Короед, кивнул крупной головой с залысинами…
— Я купил. И чо?
— За тысячу рублей? Ты не ох…л ли часом, мальчик? Он в мирное время в пятнадцать тысяч был оценён… Сейчас — все тридцать стоит не меньше…
— Думаю, не меньше. Согласился Короед, снова кивнув. И чо?
От такой наглости, Василий, даже сбился с дыхания… Пользуясь моментом, Короед перехватил инициативу.

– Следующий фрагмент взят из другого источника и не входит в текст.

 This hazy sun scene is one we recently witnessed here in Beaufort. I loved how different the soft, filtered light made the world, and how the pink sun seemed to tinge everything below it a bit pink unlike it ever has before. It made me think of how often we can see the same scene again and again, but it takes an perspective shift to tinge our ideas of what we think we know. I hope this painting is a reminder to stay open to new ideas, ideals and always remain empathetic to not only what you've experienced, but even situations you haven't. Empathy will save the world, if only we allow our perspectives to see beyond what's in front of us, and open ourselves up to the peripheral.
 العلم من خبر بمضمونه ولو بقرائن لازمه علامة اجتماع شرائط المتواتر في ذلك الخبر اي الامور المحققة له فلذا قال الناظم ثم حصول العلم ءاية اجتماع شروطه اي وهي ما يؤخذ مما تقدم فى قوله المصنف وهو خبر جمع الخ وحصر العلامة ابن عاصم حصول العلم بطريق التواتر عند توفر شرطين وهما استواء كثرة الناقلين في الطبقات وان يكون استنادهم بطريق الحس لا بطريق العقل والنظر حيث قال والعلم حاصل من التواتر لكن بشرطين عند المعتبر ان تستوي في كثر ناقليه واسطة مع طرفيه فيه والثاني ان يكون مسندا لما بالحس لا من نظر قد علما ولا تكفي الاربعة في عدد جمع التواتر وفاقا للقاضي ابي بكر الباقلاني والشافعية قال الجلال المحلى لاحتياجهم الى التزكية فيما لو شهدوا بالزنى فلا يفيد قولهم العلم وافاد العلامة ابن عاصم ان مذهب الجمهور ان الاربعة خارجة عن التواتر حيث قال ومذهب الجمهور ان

— Ты смотри, господин хороший. Матушка твоя — сама сервиз сюда принесла и о цене, договорилась. Что такое сейчас, тысяча рублей продуктами? Я тебе, сейчас расскажу, служивый… Убоины мороженой — три фунта, яиц — три десятка, сахару- десять фунтов, да еще муки — двадцать фунтов…
— Да мы еще матушке вашей, сверх цены, пять банок консервов дали. Мясных, из довоенных запасов. Это ж не тот цыпленок с костями, которым сейчас работяг, по карточкам кормят… Влез в разговор брюнет, заходя справа…
— Вот — вот! Поднял палец с грязным ногтем, Короед, явно наслаждаясь моментом. У меня, контора солидная, господин хороший…Вы нам — сервиз фамильный, мы вам — покушать…Причем с доставкой…Из фарфора саксонского, омлет не сделаешь и сына — фронтовика, не накормишь! Опять же — Первомай сегодня. Проявляем, так сказать сплошную солидарность с трудящимися…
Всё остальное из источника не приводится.